Türkiye Büyük Millet Meclisi (TBMM) Dilekçe Komisyonu’na yapılan sıra dışı bir başvuru, ülkedeki zorunlu askerlik sistemini yeniden tartışmaya açtı. Bir vatandaş tarafından sunulan dilekçe, mevcut uygulamanın yalnızca erkekleri kapsamasının, Anayasa’da yer alan “eşitlik ilkesi”ne aykırı olduğunu ileri sürerek, kadınların da tıpkı erkekler gibi zorunlu askerlik hizmetine dahil edilmesini talep ediyor.
Teklifin gerekçesinde, yurttaşlık görevlerinin ve sorumluluklarının cinsiyet ayrımı gözetmeksizin eşit dağıtılması gerektiği vurgulanıyor. Dilekçe sahibi, böylesi bir düzenlemenin toplumsal eşitlik ve ortak vatan savunması bilinci açısından daha adil bir zemin oluşturacağını savunuyor. Bu talep, Türkiye’de yıllardır süregelen askerlik yükünün sadece erkeklerin omuzlarında olmasının yarattığı toplumsal algıyı da sorgulamaya itiyor.
Mevcut Durum ve Teklifin Niteliği
Şu anki yasal düzenlemeye göre, askerlik hizmeti Türkiye Cumhuriyeti’nde sadece 20 yaşını doldurmuş erkek vatandaşlar için zorunludur. Kadınlar ise Türk Silahlı Kuvvetleri (TSK) bünyesinde subay, astsubay veya uzman personel olarak gönüllü ve profesyonel kariyer yapma imkanına sahipler.
TBMM Komisyonu’na sunulan bu başvuru, halihazırda kanun teklifi niteliği taşımaktan ziyade, bir vatandaşın mevcut sisteme dair görüş ve önerisini ifade etme yoludur. Yani bu aşamada, kadınlar için zorunlu askerliğin kabul edildiği veya yakın zamanda yürürlüğe gireceği anlamına gelmiyor. Ancak dilekçenin kamuoyunda yarattığı yankı, konunun potansiyel bir yasal düzenleme için önünü açıp açmayacağı sorusunu gündeme getiriyor.
Dünyadan Örnekler: Bir Dönüşümün İşareti mi?
Dünyada, özellikle kuzey avrupa ve orta doğu coğrafyasında, kadınların zorunlu askerlik sistemine dahil edildiği başarılı örnekler mevcut.
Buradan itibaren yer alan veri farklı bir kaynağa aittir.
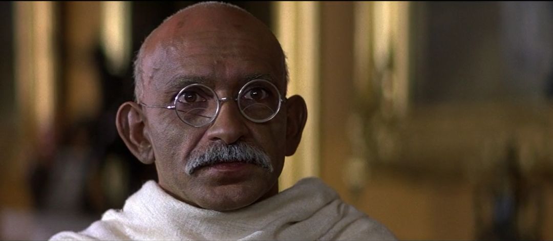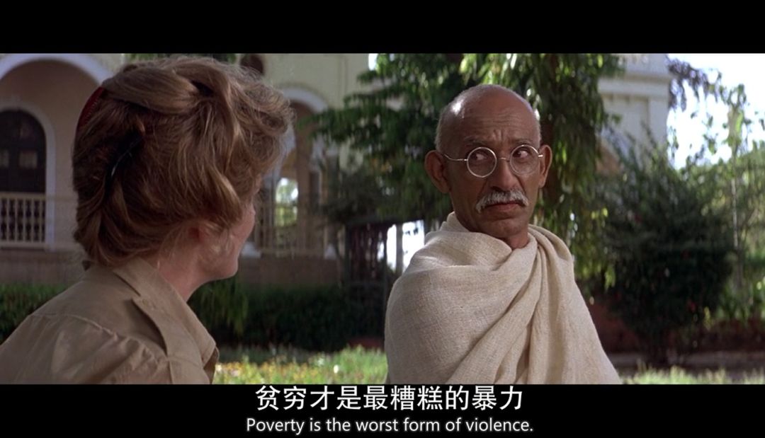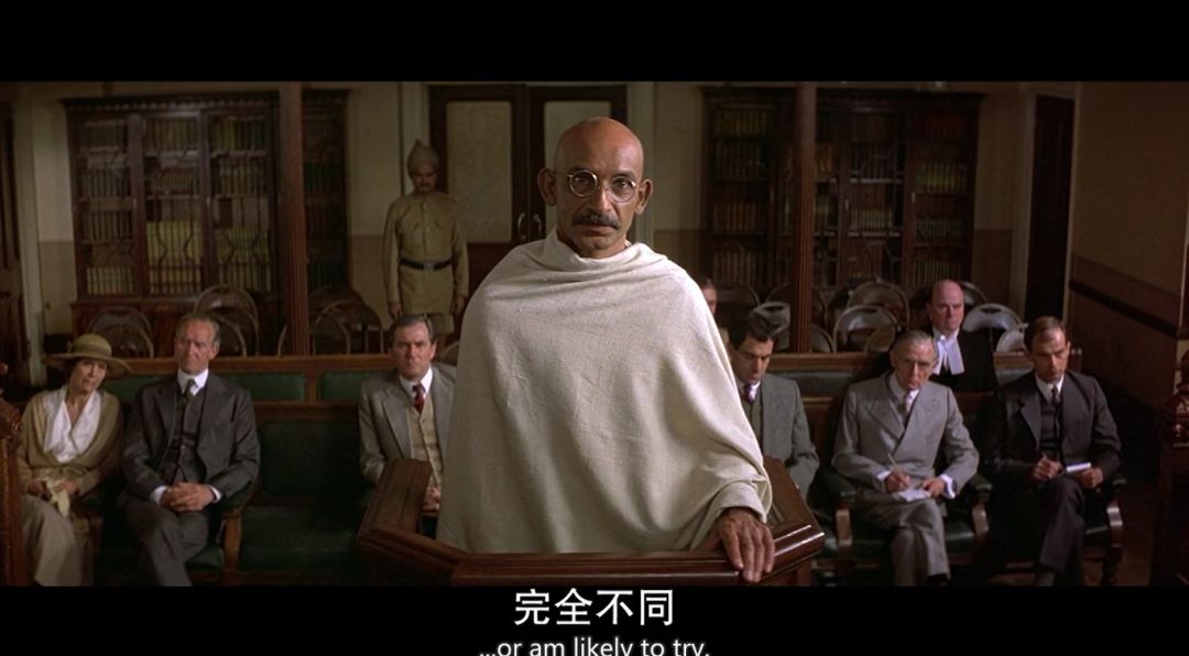 电影从1948年他被刺杀倒叙着这位被尊称为“圣雄”的印度小个子的一生,并从中截取了最具代表性的事件重点刻画。例如开篇的去南非的遭遇首先给他当头一击,接着是带领在南非的印度移民抗衡英国殖民地统治者的种族歧视,如有色人种上街必须携带当局发放的证件,在大街上行走不能走在人行道上。

Norveç, İsveç, Finlandiya gibi gelişmiş ülkelerin yanı sıra, İsrail gibi stratejik zorunlulukları olan ülkeler de bu uygulamayı hayata geçirmiş durumda. Bu ülkelerdeki deneyimler, kadınların fiziksel ve zihinsel olarak askeri görevleri başarıyla yerine getirebildiğini ve orduların muharebe yeteneklerini güçlendirdiğini gösteriyor.
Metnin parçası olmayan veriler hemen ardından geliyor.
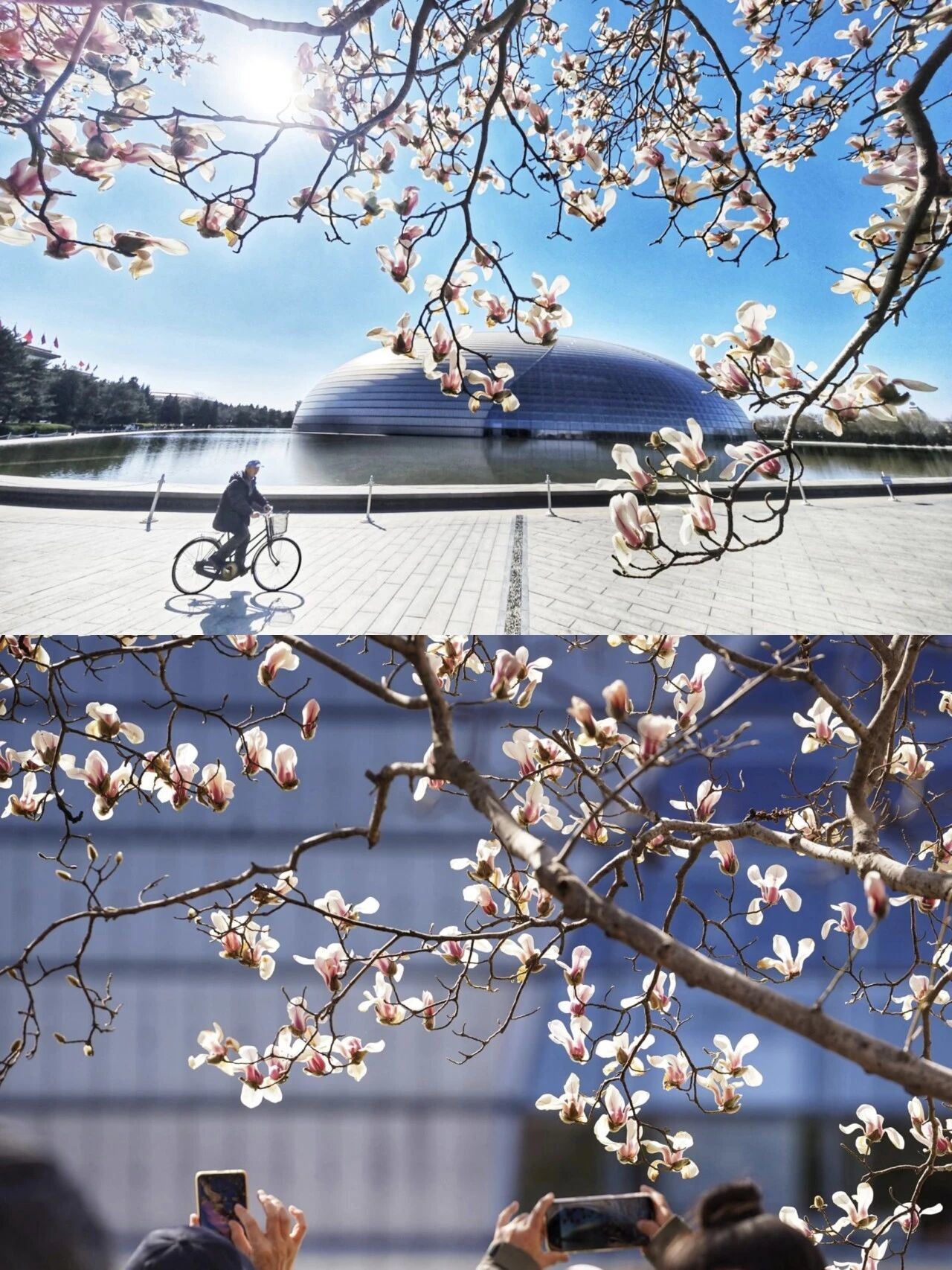 图1:近日,国家大剧院望春玉兰迎来盛花期。洁白的花朵缀满枝头,与剧院现代感的穹顶、水面交相辉映,勾勒出长安街醉人的春景,吸引不少市民、游客前来驻足、赏花、拍照留念。(图/sipa图库)

TBMM'ye sunulan bu dilekçe, Türkiye’nin de küresel eğilimleri takip ederek askerlik sisteminde köklü bir reforma gidip gitmeyeceği konusunda önemli bir işaret fişeği olarak değerlendirilebilir. Dilekçe Komisyonu’nun bu başvuruyu nasıl ele alacağı ve konunun siyasetin ana gündem maddelerinden biri haline gelip gelmeyeceği, önümüzdeki günlerde netlik kazanacak.